# Considering Crunching Upgrade



## [Ion] (May 17, 2010)

I now have a job (which is very exciting at almost 16), so I now have more money to spend on computer upgrades.  I'll have a total of around $800 by mid-July.
Here's what I'm considering:

Phenom II X6 1055T ($200)
Phenom II X6 1090T ($300)
Phenom II X6 1055T/1090T + 4GB DDR3 + 790/890FX/GX (~$450 or ~$550
i7 860 + 4GB DDR3 + Gigabyte P55 ($525)

Now, the X6 1055T or 1090T would obviously be the cheapest upgrades because I could re-use existing components, but I doubt that it would be as fast as an i7.  In particular, I doubt that I could OC the 1055T much on my cheap 785G motherboard, so I doubt I could get past 3.6ghz (and due to the 4-phase power circuitry, I wouldn't want to go any further).  Considering the price/PPD, which do you guys think I should go with?


----------



## onepost (May 17, 2010)

[Ion] said:


> I now have a job (which is very exciting at almost 16), so I now have more money to spend on computer upgrades.  I'll have a total of around $800 by mid-July.
> Here's what I'm considering:
> 
> Phenom II X6 1055T ($200)
> ...



Personally i would recommend investing that money in something other than a depreciating asset but there is a reason both of us are at a site like TPU.  

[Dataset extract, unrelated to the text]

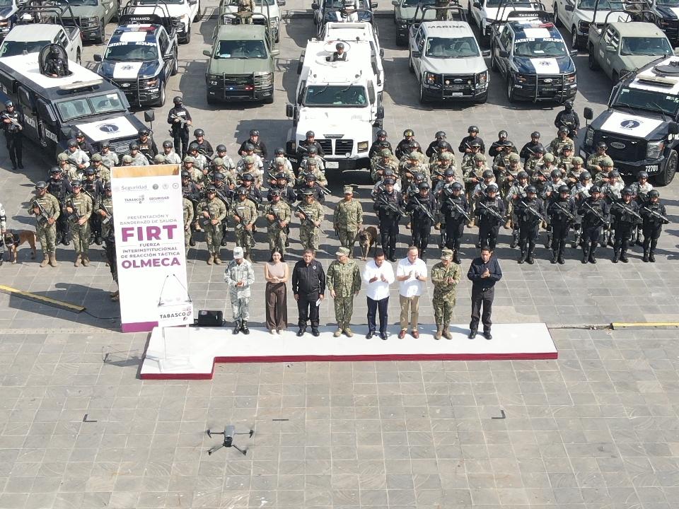 El Gobernador Javier May Rodríguez dio el banderazo de inicio a las operaciones de la Fuerza Interinstitucional de Reacción Táctica (FIRT) Olmeca, un agrupamiento de élite conformado por mujeres y hombres de corporaciones estatales y federales altamente capacitados y entrenados, que con vocación de servicio y lealtad al pueblo combatirá al crimen, en el marco del replanteamiento de la estrategia de seguridad.

that said, I just upgraded to a i7 930 and it was an expensive upgrade but 8 threads @ 4.1 is   if you are upgrading in mid july i'd wait and price things then - a lot can change in 2 months in the tech world.


----------



## [Ion] (May 17, 2010)

onepost said:


> Personally i would recommend investing that money in something other than a depreciating asset but there is a reason both of us are at a site like TPU.
> 
> that said, I just upgraded to a i7 930 and it was an expensive upgrade but 8 threads @ 4.1 is   if you are upgrading in mid july i'd wait and price things then - a lot can change in 2 months in the tech world.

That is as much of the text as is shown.